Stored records
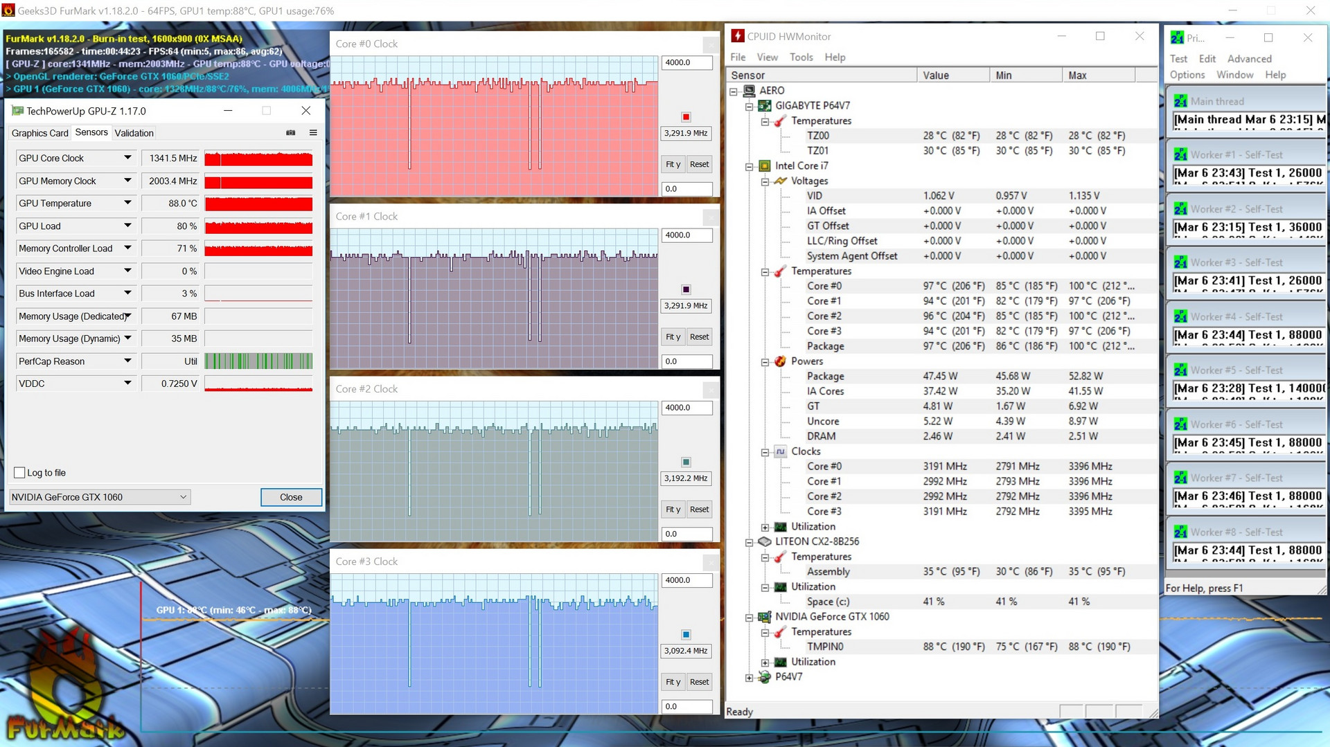 Im Idle-Betrieb kommt das Aero 14 nur auf wenige Grad Celsius über Raumtemperatur. Beim Spielen (Witcher 3, siehe oben) können es an der Unterseite schon bis zu 54 °C werden, was die meisten Leute vom Zocken mit dem Notebook auf dem Schoß abhalten dürfte. Der Bereich der Handballenauflage kommt selbst im Stresstest kaum über Körpertemperatur hinaus. Das Taktverhalten und die Temperaturen von CPU und GPU bei maximaler Last kann man dem Screenshot unten entnehmen.
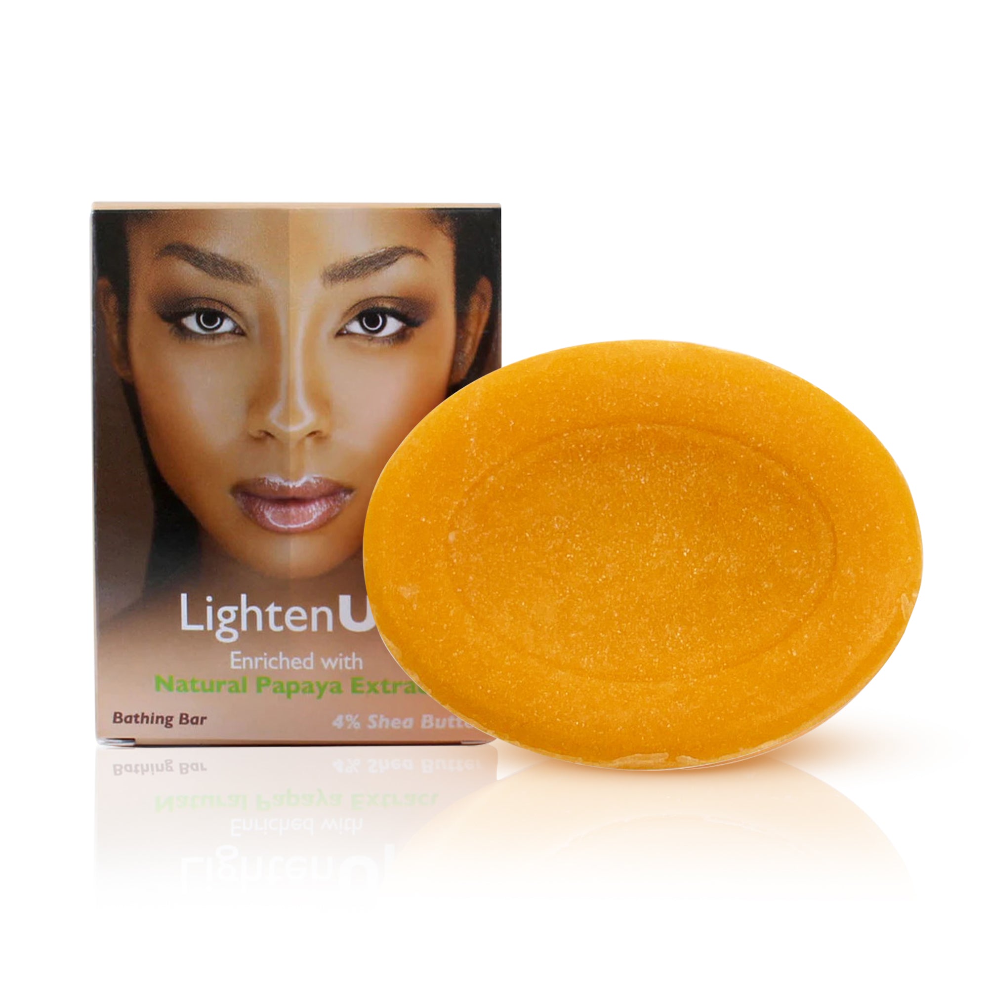 The LightenUp PLUS Natural Papaya Bathing Bar with Shea Butter is an enriched bathing bar soap.
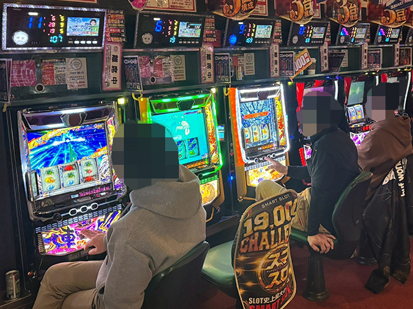 「パチスロ ダンジョンに出会いを求めるのは間違っているだろうか2」や「パチスロガメラ」で華麗なパフォーマンスを披露するプレイヤーが見られ、シマ内からは活気が感じられた。
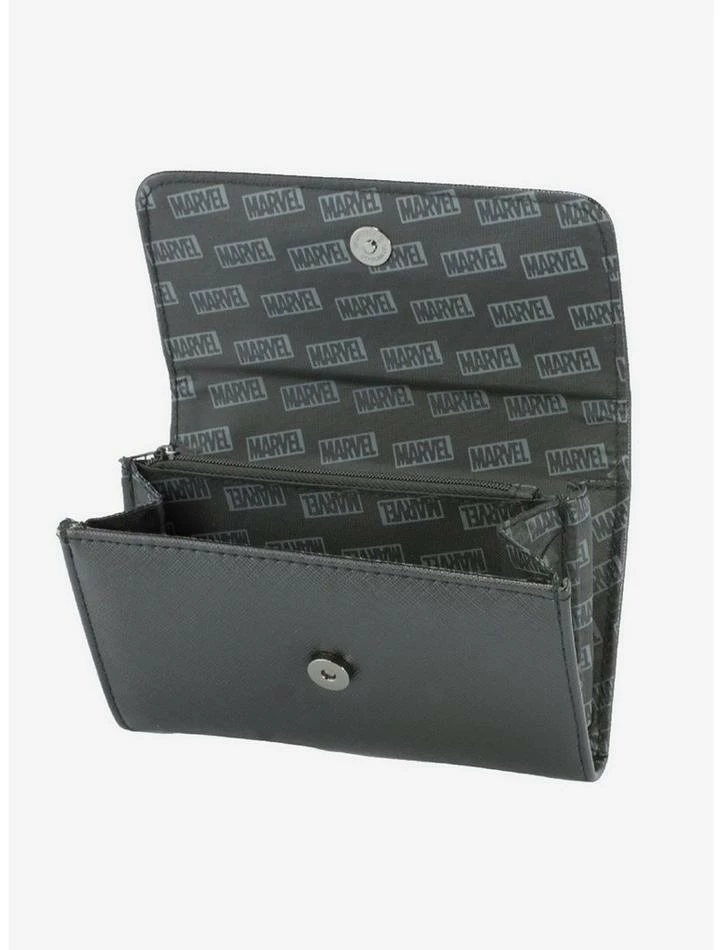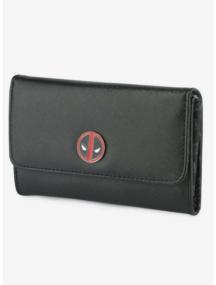 This Marvel Comics fold over wallet featuring a metal casted Deadpool Logo is made from vegan leather. It measures 6.5 x 4.5 x 1.0 Inches and features 2 Large Pockets, 3 card slots, and 1 coin zipper.
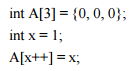 (A)執行後,A[1] = 1 (B)執行後,A[1] = 2 (C)執行後,A[2] = 1 (D)執行後,A[2] = 2
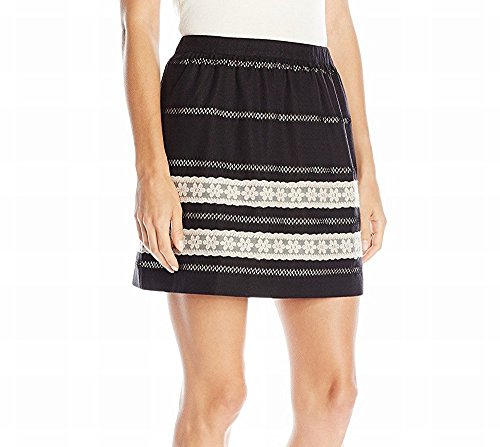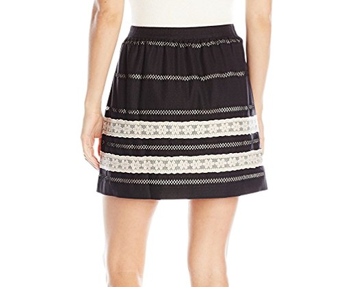 Product DescriptionBlack and oatmeal lace applique tiered mini skirt with princess seam pockets0
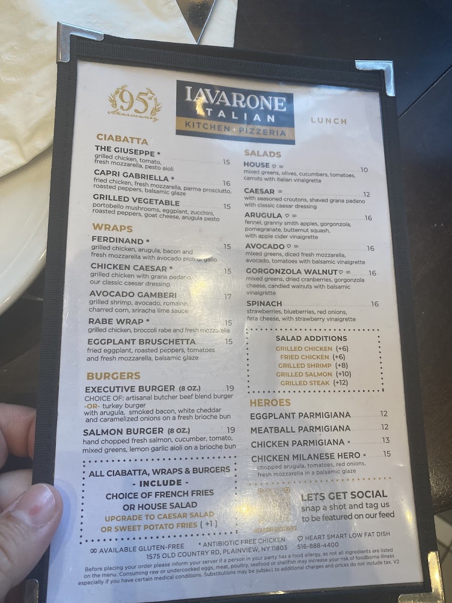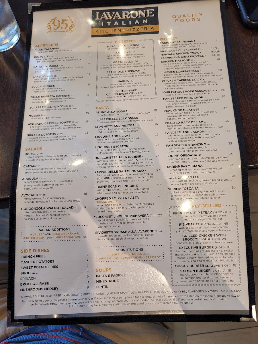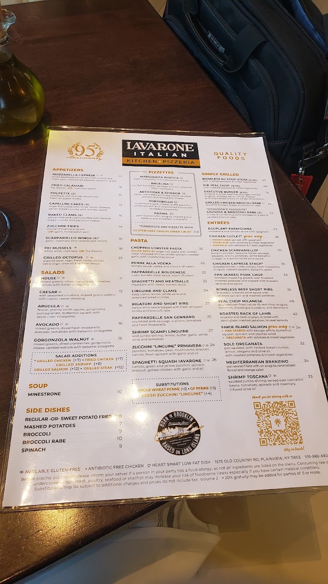 Welcome to Iavarone Italian Kitchen, located in the heart of Plainview, NY. This culinary gem offers an inviting mix of traditional Italian flavors and modern dining experiences. Their lunch menu showcases an array of delectable options, from the Neapolitan Pie to the savory Rigatoni & Short Ribs, each dish prepared with fresh ingredients that shine with authentic Italian flair.
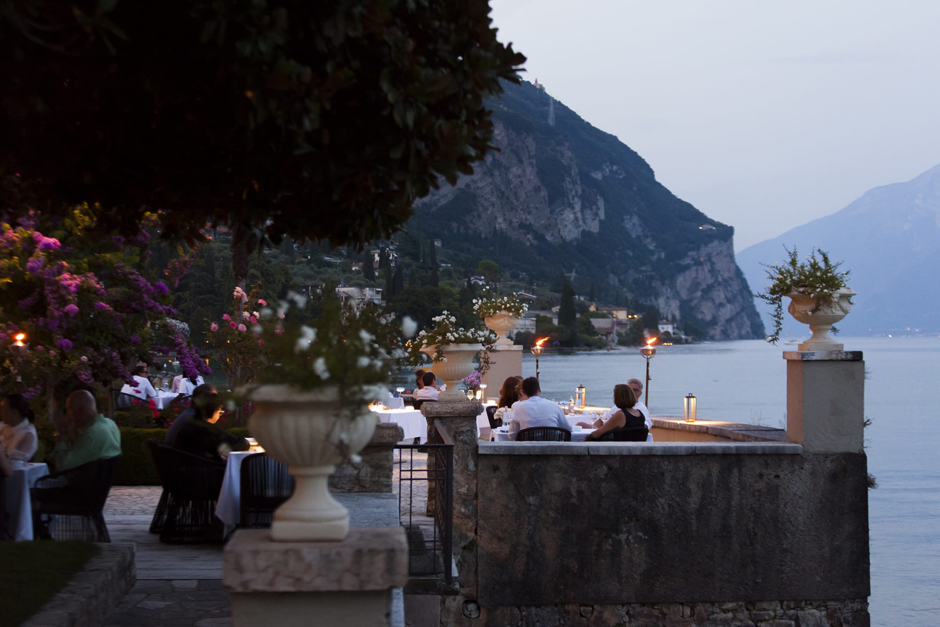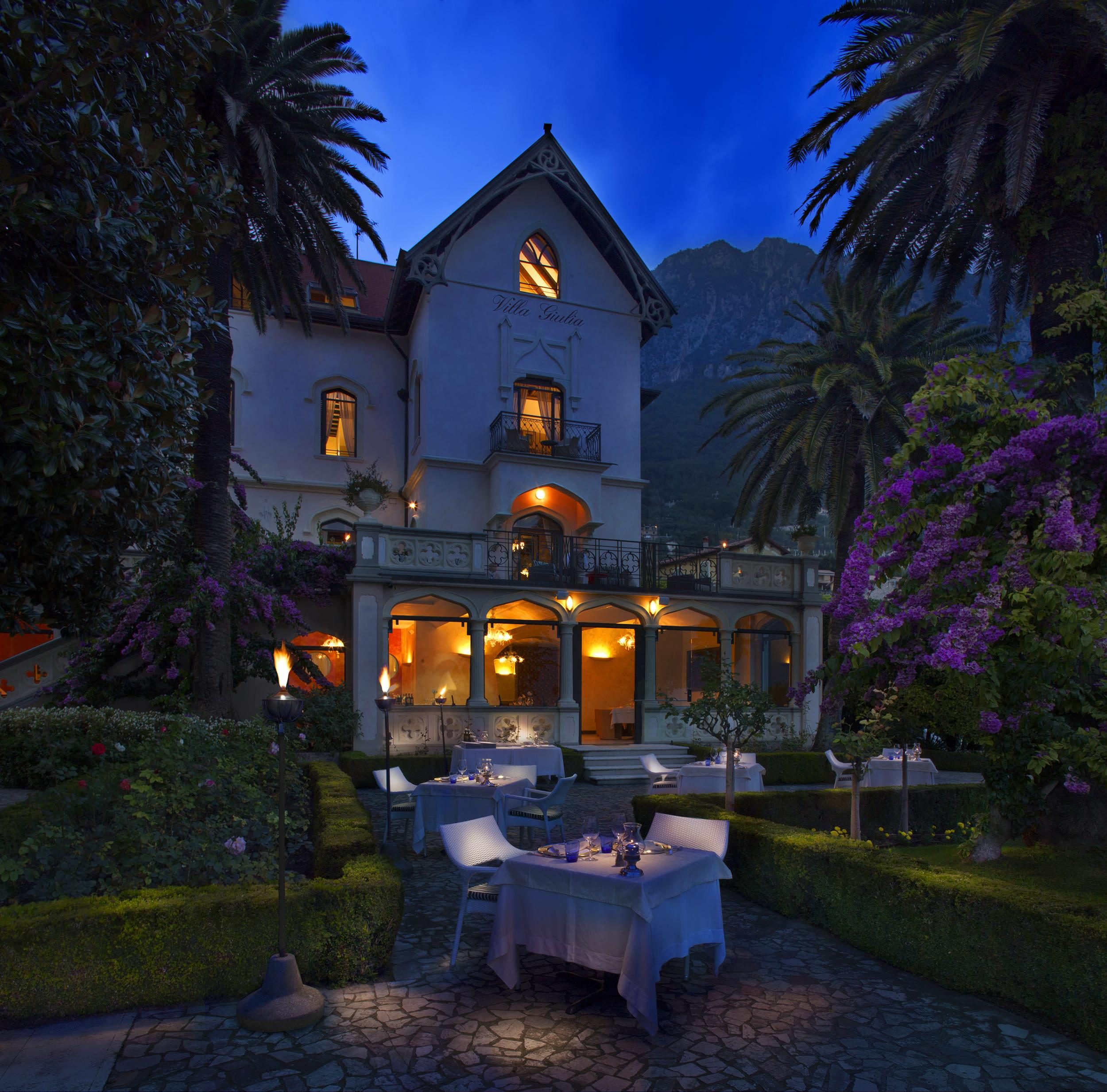 Quando le luci si abbassano e il Monte Baldo si tinge di rosa, la terrazza di Villa Giulia si trasforma nel palcoscenico dei vostri momenti più romantici.
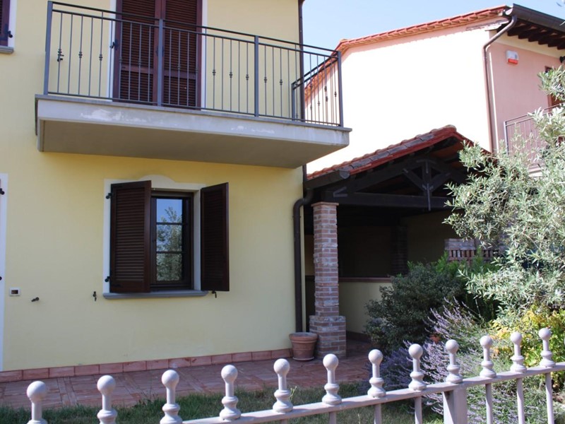 Crespina Lorenzana - Vicinanze Cenaia In bellissimo borgo Toscano di recente costruzione, proponiamo Villetta a schiera angolare con ingresso dal resede esclusivo che porta al bellissimo terrazzo coperto che propone zona pranzo e cene con vista sulla campagna, ingresso in soggiorno con camino, cucina abitabile con terrazzo, e bagno al piano terra, salendo al piano primo da ampia scala esclusiva troviamo due camere con balcone e bagno. Oltre a locale garage con ripostiglio. l'immobile si presenta con rifiniture di pregio, impianto di allarme, condizionatori.
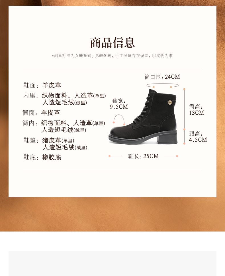 | 帮面材质:羊皮 | 配跟:无 | 靴筒口围:24CM | 上市时间:2025年冬季 | 鞋类流行款式:短靴 |
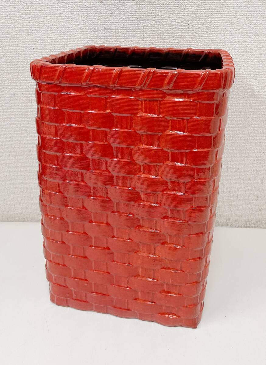 - 【近江一閑張 角筒籠「蛯」印あり】植木鉢/花瓶/花器/マガジンラック/くず籠/バスケット/柿渋/S610-243

Work to be completed: Reproduce exactly, without any picture, the lines from the one bearing "上市时间:2025年冬季 | 鞋类流行款式:短靴 |" to the last line of the records above.

The answer:
 | 帮面材质:羊皮 | 配跟:无 | 靴筒口围:24CM | 上市时间:2025年冬季 | 鞋类流行款式:短靴 |
 - 【近江一閑張 角筒籠「蛯」印あり】植木鉢/花瓶/花器/マガジンラック/くず籠/バスケット/柿渋/S610-243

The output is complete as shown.